The key lies in bridging the gap between your diverse data landscape and the power of modern AI. This requires tools that can connect to varied data sources, unify information across types, and enable intelligent responses based on deep understanding.
To solve this challenge, MindsDB provides a platform to build AI capabilities directly on top of your data. A cornerstone of this capability, particularly for handling unstructured text, is the MindsDB Knowledge Base (KB) feature.
Knowledge Bases are a powerful, integrated system within MindsDB designed specifically to ingest, understand, and query text data based on its semantic meaning, all through the familiar language of SQL. They are instrumental in building the next generation of AI Search, AI Analytics, and AI Agents.
This post will dive deep into:
What MindsDB Knowledge Bases are and their key integrated components.
Why they are a game-changer for working with unstructured data and accelerating AI development.
How you interact with them using simple SQL commands.
1. What are MindsDB Knowledge Bases? An Integrated Semantic Engine
Think of a MindsDB Knowledge Base not just as a database feature, but as an integrated semantic engine built directly into the MindsDB platform. It elegantly combines the necessary components to transform raw text into searchable, intelligent knowledge, abstracting away significant underlying complexity.

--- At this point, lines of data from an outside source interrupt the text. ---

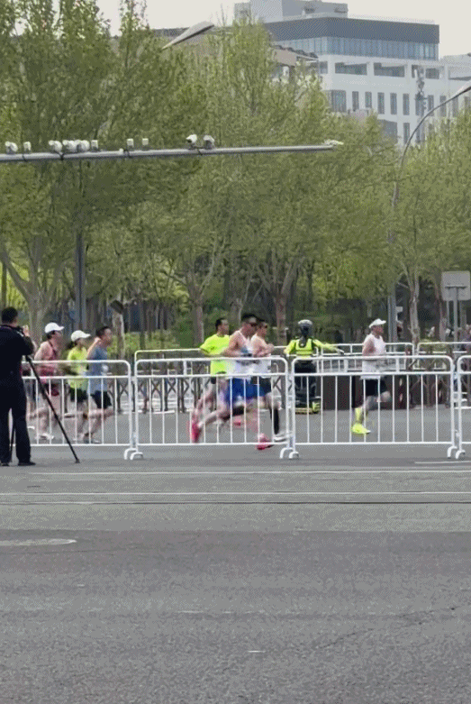 4月19日7时30分,北京亦庄半程马拉松比赛鸣枪开跑,在距离出发点不远的第二个转弯处,一台涂装着交警荧光绿式样的机器人正站在圈定的区域内,不断用左转手势指挥参赛选手左转,并进行语音提示。
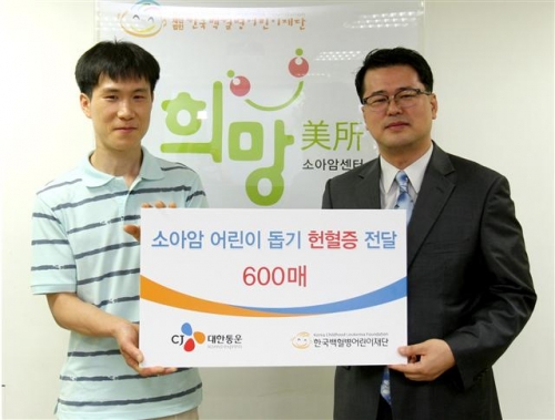 CJ대한통운은 한국백혈병어린이재단에 헌혈증 600장을 기증했다고 5일 밝혔다.
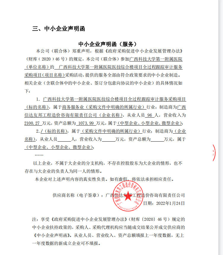 二、项目名称:广西科技大学第一附属医院医技综合楼项目全过程跟踪审计服务采购项目
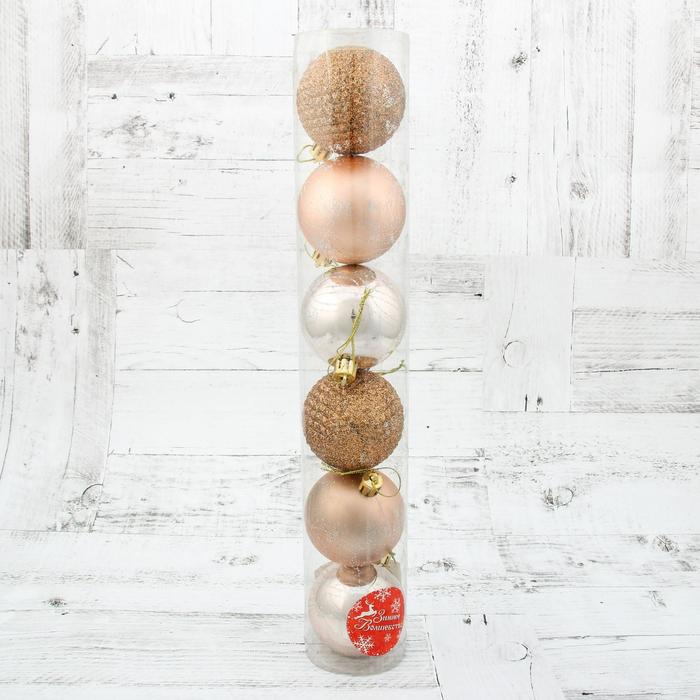 Ёлочные игрушки «Узорный МИКС», шары новогодние, d=6 см, набор 6 шт., кремовый — Характеристики
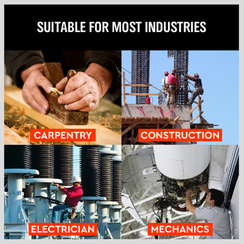 This versatile tool holder belt is suitable for a wide range of industries, including carpentry, construction, electrician work, and mechanics. Whether you are working on a building site or performing maintenance tasks, this tool belt will keep your tools within easy reach.
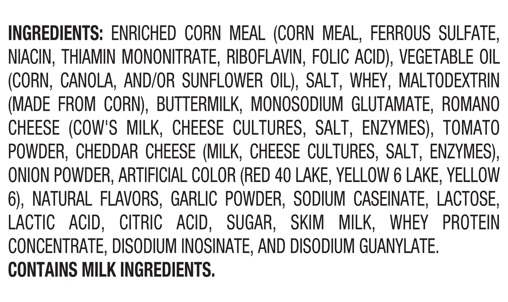 Ingredients: Enriched Corn Meal (Corn Meal, Ferrous Sulfate, Niacin, Thiamin Mononitrate, Riboflavin, Folic Acid), Vegetable Oil (Corn, Canola, And/Or Sunflower Oil), Salt, Whey, Maltodextrin (Made From Corn), Buttermilk, Monosodium Glutamate, Romano Cheese (Cow'S Milk, Cheese Cultures, Salt, Enzymes), Tomato Powder, Cheddar Cheese (Milk, Cheese Cultures, Salt, Enzymes), Onion Powder, Artificial Color (Red 40 Lake, Yellow 6 Lake, Yellow 6), Natural Flavors, Garlic Powder, Sodium Caseinate, Lactose, Lactic Acid, Citric Acid, Sugar, Skim Milk, Whey Protein Concentrate, Disodium Inosinate, And Disodium Guanylate. CONTAINS MILK INGREDIENTS. Contains: Contains Milk Ingredients.
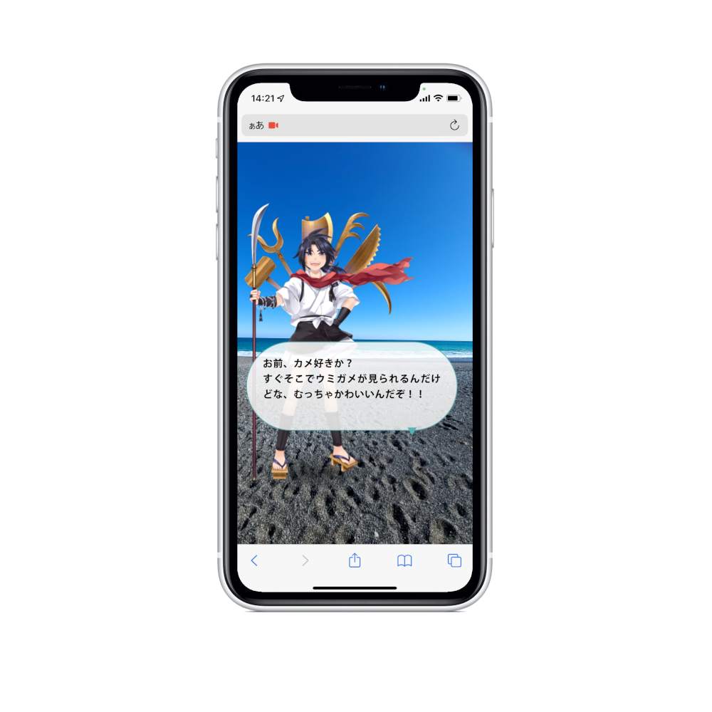 AR起動時、画面上のキャラクターがアニメーションし、タップ時に音声付きで語りかけます。
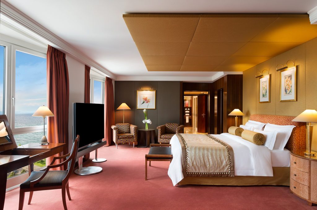 Wer hier Gast ist, der darf sich auf über 1.680qm Luxus freuen. Damit ist die Royal Penthouse Suite nicht nur eine der teuersten, sondern auch größten Hotel Suiten der Welt. Die Suite nimmt damit den gesamten 8. Stock des Luxus Hotels am See ein und wartet mit 12 Zimmern und jeweils eigenem Bad en suite auf. Regendusche und Pflegeprodukte von Hermès inklusive. Genügend Platz also für eine große Entourage.
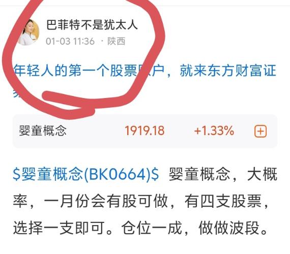 $婴童概念(BK0664)$婴童概念,大概率,一月份会有股可做,有四支股票,选择一支即可。仓位一成,做做波段。
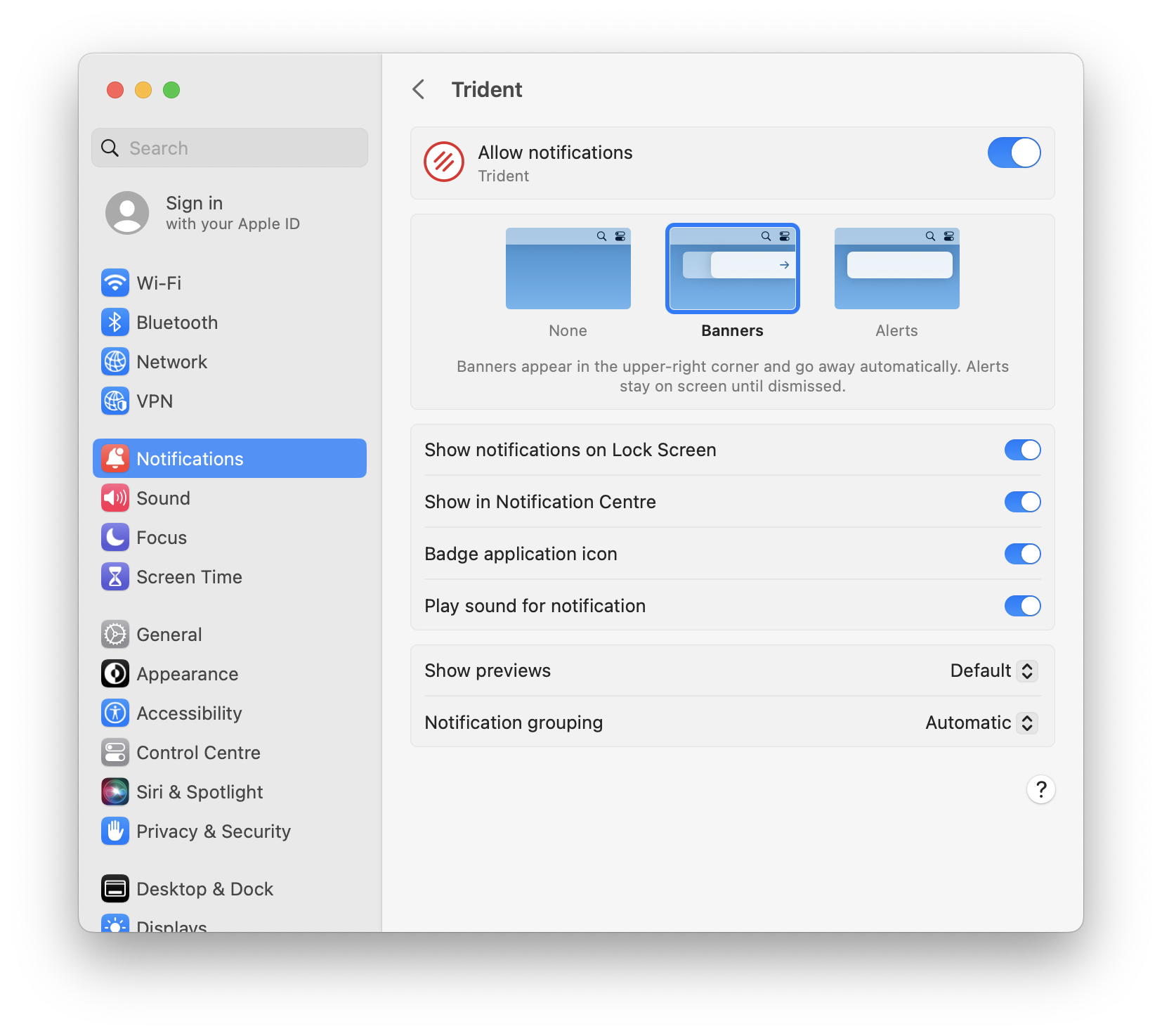 To adjust system notifications from the System Settings app, go to System Settings > Notifications >Trident.
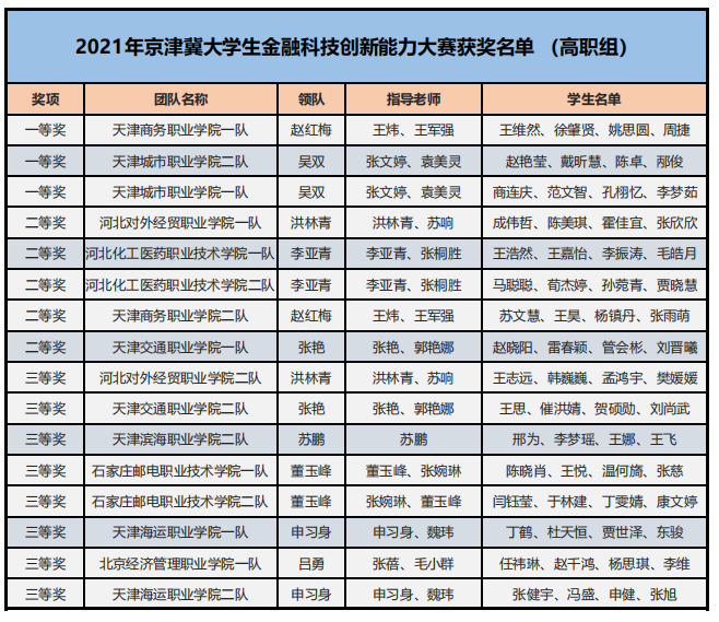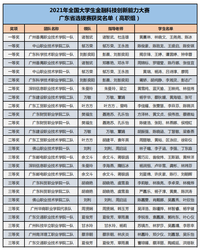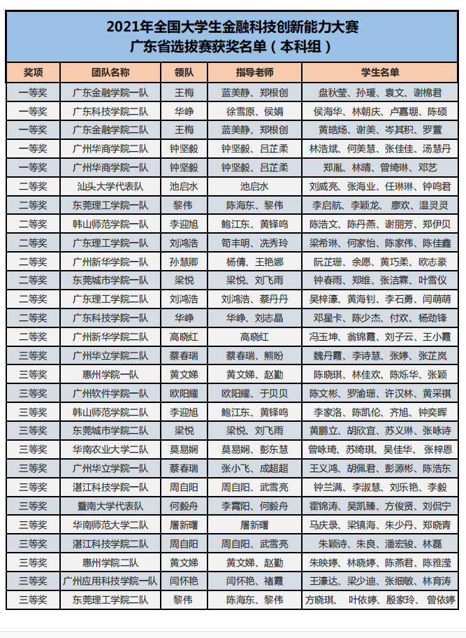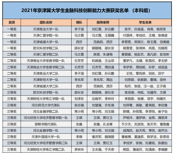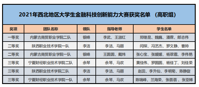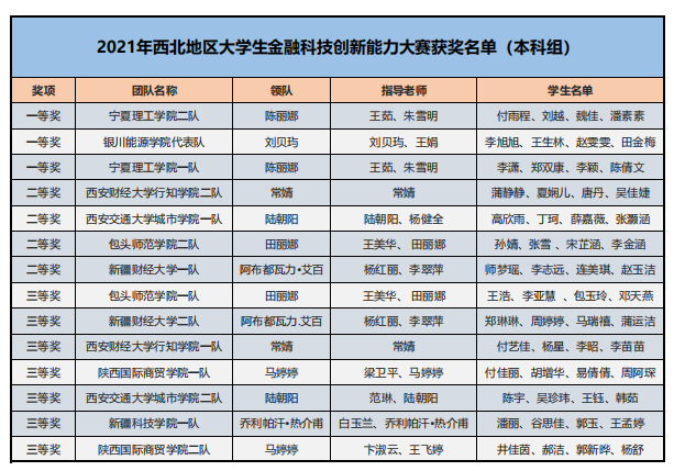 為了培養(yǎng)新一代青年大學(xué)生的金融科技創(chuàng)新能力,鼓勵對金融類專業(yè)人才創(chuàng)新意識和創(chuàng)新素質(zhì)的培養(yǎng)與訓(xùn)練,推進(jìn)本科與高職金融類專業(yè)“教、學(xué)、考、做、賽”五位一體的教學(xué)改革,推進(jìn)金融科技教育“工學(xué)結(jié)合、學(xué)做合一”;同時也是為適應(yīng)金融科技行業(yè)的蓬勃發(fā)展,對接金融科技企業(yè)人才需求,全面提升金融科技人才培養(yǎng),鼓勵創(chuàng)新意識、深化創(chuàng)新層次、激勵創(chuàng)新人才。在高等學(xué)校國家級實驗教學(xué)示范中心聯(lián)席會經(jīng)濟與管理學(xué)科組的指導(dǎo)下,2021年“智盛杯”各省市地區(qū)大學(xué)生金融科技創(chuàng)新能力大賽已成功舉辦。根據(jù)活動方案規(guī)定的獲獎比例,現(xiàn)將各地區(qū)賽的獲獎名單予以公布。
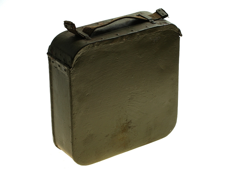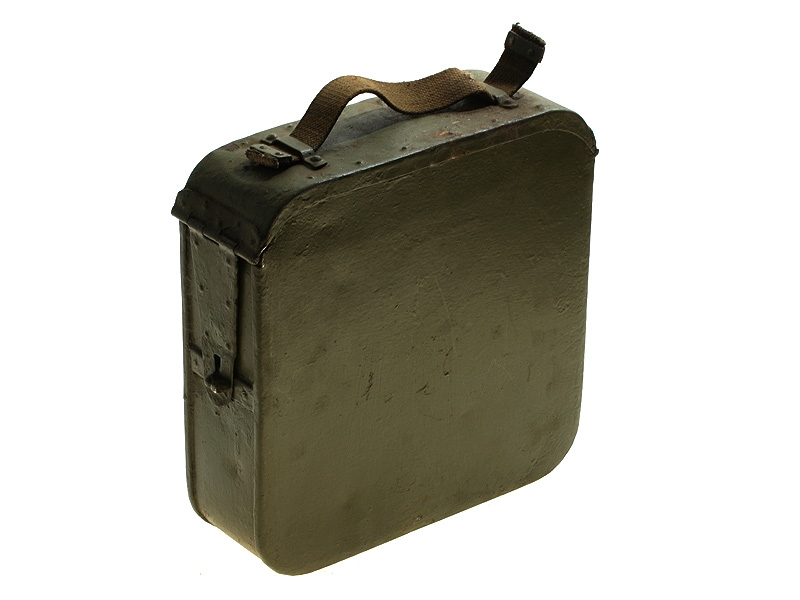 Металлический патронный ящик для лент к станковому пулемету Максим в очень хорошем состоянии. Использовался и в Красной Армии, хранился на советских военных складах, поэтому поверхность покрыта многочисленными слоями армейской зеленой краски. Ящик укомплектован советской пулеметной лентой.
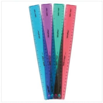 Learning Resources® UltraFlex™ SAFE-T® 12" Ruler is made of plastic for superior quality and perfect for ages 5 - 13 age. Ruler features transparency that helps students to make accurate measurements and ideal for measure curved/angular surface.
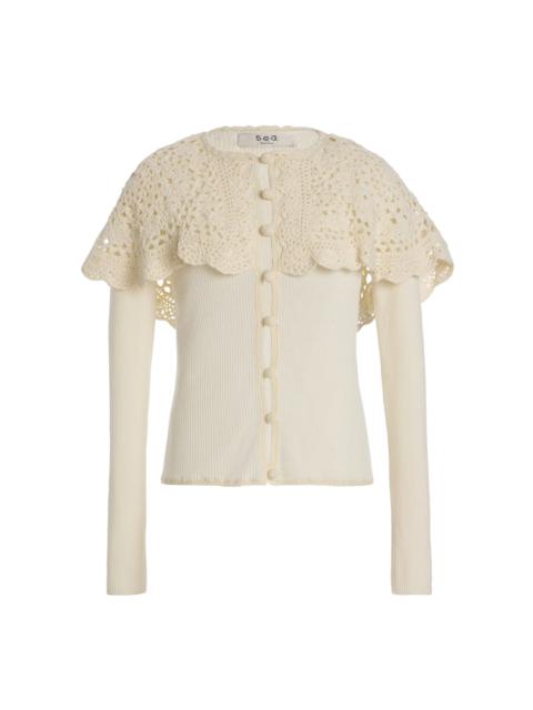 Nara Crochet-Trimmed Wool Cardigan ivory
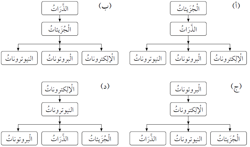 6- أي من المخططات الآتية يمثل تركيب المادة من الأكثر تعقيداً إلى أبسطها؟
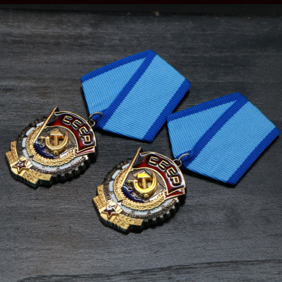Russia due emblemi di placcatura di tono e medaglia d'onore di azione con stella di colore trasparente spagnolo Vintage impegno medaglia
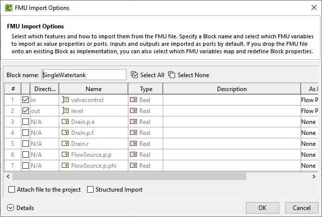 In the FMU Import Options dialog, specify which properties from the FMU file should be imported into your model as values and ports and Click OK.
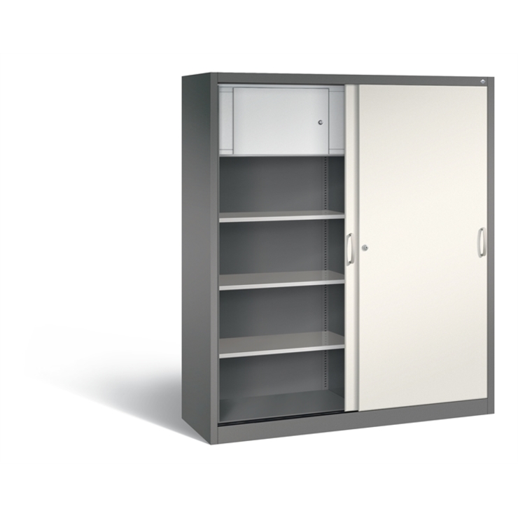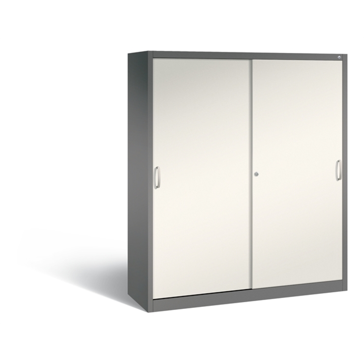 Stahl-Schiebetürenschrank Asisto, Korpus aus stabiler Stahlkonstruktion mit filigraner Kantenoptik und hochwertiger Einbrennbeschichtung für hohe UV-Beständigkeit, mit integrierter Niveauregulierung, bequem von innen bedienbar, hohe Flexibilität der Inneneinrichtung durch Höhenverstellbarkeit im 15 mm Raster, 1 Wechselzylinder matt vernickelt mit 2 Schlüsseln, 2 Ergonomische Design-Bügelgriffe für einfache Bedienung, aus Metall, matt vernickelt, 1 Abdeckplatte aus Stahl, 2 Stahltüren... (mehr)? Papersmart hilft Ihnen, den besten Anbieter für Ihren gesamten Warenkorb zu ermitteln.

Here's a breakdown of the core components unified within a Knowledge Base:
a) Embedding Models: Translating Text to Meaning At the heart of understanding text lies the embedding model. This AI model reads text and converts its semantic meaning into a numerical vector embedding. Texts with similar meanings produce vectors that are mathematically close. KBs integrate this process seamlessly. You specify a model during creation (currently supporting options from OpenAI and Azure OpenAI), and the KB automatically uses its API to convert your text into meaningful vectors during ingestion and querying. This allows searches based on conceptual similarity, not just keyword matches.
SQL
-- Defining the embedding model during KB creation USING embedding_model = { "provider": "OpenAI", "model_name" : "text-embedding-3-small", "api_key": "..." -- Use API key or ENV variable }, ...
b) Vector Storage: Organizing Knowledge by Meaning These vector embeddings require specialized storage optimized for fast similarity searches. KBs handle this integration transparently:
Built-in Default (ChromaDB): For ease of setup, MindsDB uses an embedded ChromaDB instance by default if no specific storage is defined, automatically managing the necessary collections.
Connect Your Own (PGVector): If you use PostgreSQL with the PGVector extension, you can configure the KB to use a table within your existing PGVector database (connected to MindsDB via
CREATE DATABASE
).
SQL
-- Optionally specifying PGVector storage USING ..., -- embedding_model, etc. storage = my_pgvector_connection.my_kb_table, ...
You interact via SQL; MindsDB manages the communication with the chosen vector store for storing and retrieving embeddings.
c) Reranking Models (Optional): Refining Relevance with LLMs Pure vector similarity sometimes isn't enough for complex queries. KBs allow the optional use of reranking models (powerful LLMs like OpenAI's GPT-4o). After an initial search retrieves candidate text chunks, the reranker intelligently re-evaluates these chunks against the original query's intent, re-ordering them for maximum relevance. This significantly boosts search quality, especially for nuanced questions crucial for reliable AI applications.
SQL
-- Optionally adding a reranking model for higher quality results USING ..., -- embedding_model, storage, etc. reranking_model = { "provider": "OpenAI", "model_name": "gpt-4o", "api_key": "..." }, ...
d) Content, Metadata, and IDs: Blending Unstructured and Structured KBs understand that semantic meaning often needs context from structured data. You define:
content_columns:
Which columns hold the text to be embedded and searched semantically.metadata_columns:
Which columns contain structured data (dates, authors, categories) to be stored alongside the text for traditional filtering.id_column:
The column containing the unique identifier for each record.
This design allows powerful queries that filter simultaneously on semantic relevance (content) and specific metadata attributes (WHERE author = '...'
).
e) Automatic Chunking: Preparing Text for Search Embedding models have input limits, and effective retrieval often requires finding specific passages, not entire documents. KBs automatically handle chunking, breaking down long text inputs into smaller, semantically searchable units during data ingestion. This ensures searches can pinpoint the most relevant information within larger documents.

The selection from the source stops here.